The four keynotes were reasonable, with a nice mix of motivational aspects and informative aspects. Nothing really stood out though, except perhaps that in Simon Ritter's summary of the road map for Java, JavaFX on Linux is not due till half way through 2013, which shows how much the JavaFX team and Oracle care about being truly multi-platform.

Given my main interest is concurrency and parallelism, I took in all the session related to that topic, along with the Java 8, 9, 10, . . . summaries. I didn't hit the Android track.

Of course I have to mention my session: "Just Keep Passing the Messages", slides here. This was really a rant against unthinking use of shared-memory multi- threading as an applications programming technique, and a plea for applications development folk to learn about and use higher level models such as actors, dataflow, communicating sequential processes (CSP). I plugged GPars as a framework that Java and Groovy programmers can use now to do all this, so they don't have to wait.

All the other 10 sessions were good, worth attending, and I enjoyed them. The three "stand out" sessions for me though (other than mine :-) were "An Introduction to Neo4j (and Doctor Who)" by Ian Robinson, "JavaFX 2.0: Great Interface in Java" by Simon Ritter, and "Understanding the Disruptor, a Beginner's Guide to Hardcore Concurrency" by Trisha Gee and Mike Barker.

Ian Robinson managed to educate everyone attending in the subtleties of studying Doctor Who, including retcons, whilst really showing that Neo4j is really a unique form of database management system. He focused mainly on daleks, which was fine as they are clearly a common enemy! Ian mentioned that the daleks first appeared in 1963-4, which came as a bit of a shock, as I remember watching those episodes at a friend's house the first time they were shown.

Simon Ritter's presentation of JavaFX 2.0 showed for me that it was the right decision by Oracle to drop JavaFX as a purely script based system and to transform it into a Java API. This is not because I want to code UIs in Java, but because it makes it an open system that works well as an integral part of the JRE. Simon's Java examples were fun, and worked well, but showed that Java is not the right language to actually write UIs with. I will be using Groovy most likely. The point is that there is not one fixed language to write JavaFX 2.0, and soon JavaFX 3.0, UIs with. JavaFX 2.0 seems a splendid successor to AWT and Swing. But of course AWT/Swing UIs can incorporate JavaFX bits, so people can use evolutionary rather than revolutionary development. Personally I will just dive straight into JavaFX 2.0, but only when the Linux version is released so that UIs can be platform independent: Windows, Mac OS X, Solaris, and Linux.

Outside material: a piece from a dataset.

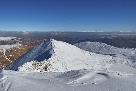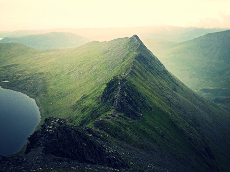 The view of Scales Tarn from Sharp Edge, Blencathra, English Lake District

Trisha Gee and Mike Barker's session stood out since above all it showed how to do some real science when engineering a solution to a problem. Their problem is to process vast numbers of messages with various transformations of data needed. They showed, via experimental evidence, that standard approaches to concurrency and parallelism we insufficient to the task. Indeed employing parallelism made things slower for their problem compared to a simple single threaded solution due to all the overheads associated with the concurrency and parallelism tools. Here we are not just talking of Java and JVM overheads we are talking of JIT generated assembly language and processor cache line management. I am used to C++ folk worrying about cache lines, it was inspiring to have Java folk seriously worrying about these things entirely appropriately. They then showed how they had analysed various data structures, reasoning with the Java memory model, and experiments probing the JIT code generation, to write a lock free ring buffer that is the data structure at the heart of the Disruptor. Opinion not necessary, the experimental data shows they have been massively successful.

I will be submitting a session proposal to JAXLondon 2012.